Sunday before last, at our group ride breakfast, the owner of the organizing shop told a story about selling a fixed-gear bicycle to a new rider. The young woman had sold her car and decided to live on two wheels. She told him she already owned a bicycle helmet. She did not buy bicycle lights as he suggested. Scott feared that she was not interested in the use of either.

He feels there's a good chance that she'll take the brakes off the bike and ride brakeless and helmetless. She'll probably roll through stop signs and lights and brush by peds on sidewalks.

It's the style, after all.

He felt that if he did not sell her the bike she wanted, she'd simply go elsewhere and buy it. He also remembers her from the 'hood, having seen her several times entering or exiting a local bar.

I wrote a short piece about his experience and sent it to the bicycle trade paper, where it seems no one so much as read it.

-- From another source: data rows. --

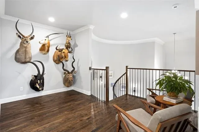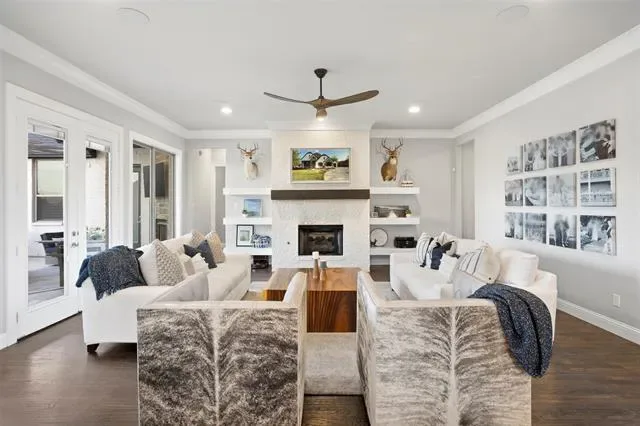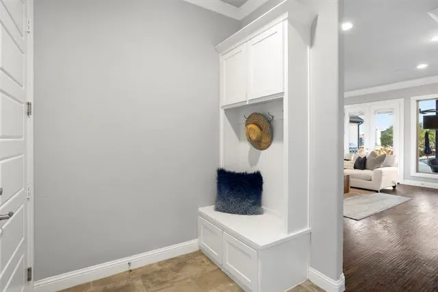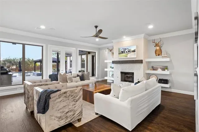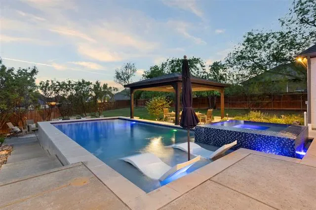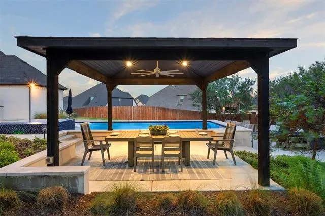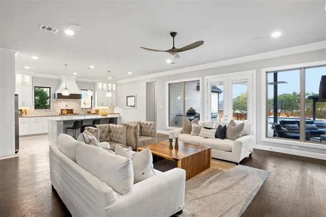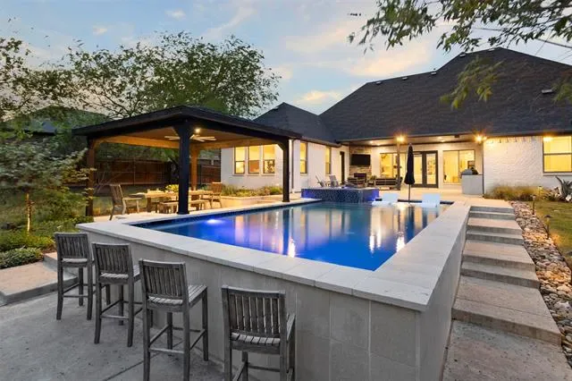 Welcome to a truly custom residence where architectural design, functionality, and luxury living converge in one of North Texas’ most desirable areas. Situated on an expansive ~0.50-acre lot, this 4-bedroom, 3-bath home offers over 3,600 square feet of thoughtfully curated living space with elevated finishes and rare, one-of-a-kind features. From the moment you enter, the home sets itself apart with a custom curved staircase, hand-troweled wall finishes, extensive crown molding, and real hardwood flooring throughout. Oversized windows flood the home with natural light, creating a bright and inviting atmosphere. The open-concept living area connects seamlessly to a chef-inspired kitchen featuring quartz countertops, double ovens, a microwave drawer, built-in wine refrigerator, custom spice storage, and a spacious walk-in pantry. Under-cabinet and display lighting add both function and style. The primary suite on the main level offers a private retreat with vaulted ceilings and a spa-like bath including a soaking tub, walk-in shower with bench seating, dual vanities, and generous storage. The custom closet features built-ins, dresser storage, and a dedicated shoe wall. Additional highlights include a front office with built-ins, oversized secondary bedrooms, a full guest suite downstairs, and an upstairs media room with a 100-inch screen, 4K projector, and surround sound. Step outside to a resort-style backyard with a covered patio, fireplace, built-in audio, and outdoor kitchen with grill and Green Egg. The custom pool and spa feature an infinity-edge hot tub, volleyball layout, seating ledges, and upgraded equipment with WiFi connectivity. The deep, tiered lot provides added privacy and space. Additional features include a 3-car garage with EV Level 2 charger, smart thermostats, dual HVAC systems, built-in storage, and whole-home audio wiring. Located near 287, 35W, and the greater DFW area, this home offers a rare blend of privacy, luxury, and accessibility.
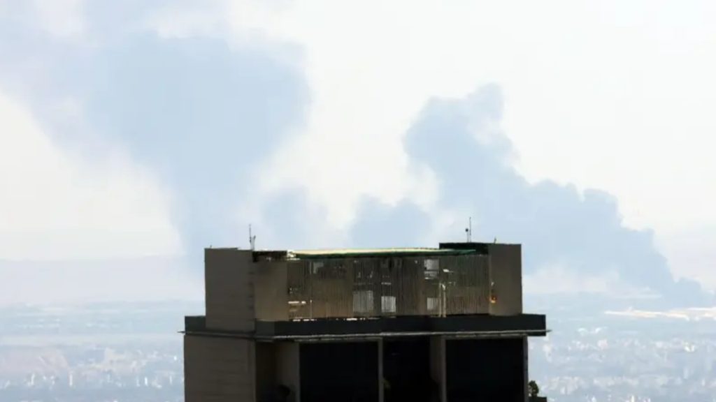 বিস্ফোরণের পরপরই মধ্য তেহরানে ধোঁয়া উড়তে দেখা যায়। ছবি: সংগৃহীত
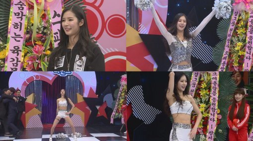 하지만 매력발산 코너에서 음악이 나오는 동시에 외투를 벗어 던지더니 안에 입고 있던 치어리더 옷을 공개하며 화려한 치어리딩을 선보였다.

Certainly no one indicated that they'd read it.

I sent it to VeloNews. After a week, the editor asked me if I'd like to participate via that story in a point-counterpoint confrontation for VN's new Soapbox section (I think that's what they'll call it). I agreed and rewrote the piece slightly to position it so VN's editor has something to counter.

I think the topic will be something like "Are Urban Fixie Riders Good for Cycling?" Will they bring more motorist hostility down on us? Will they eventually become mainstream cyclists? Or are they only here to set a bad example?

It's exciting that VeloNews, a fine racing publication that has ignored utility cycling forever, is sticking an editorial toe in the water. Maybe more racers and racing fans are thinking about using bikes for transportation. Whatever their motivation, it's a super development.

If you recall, I told you that I was through with writing for cycling magazines. I'm reminded of the line that goes something like: Just when I think I've got out, they keep pulling me back.

I think that'll be cliches enough for today.

Thanks for your patience. More soon, very probably.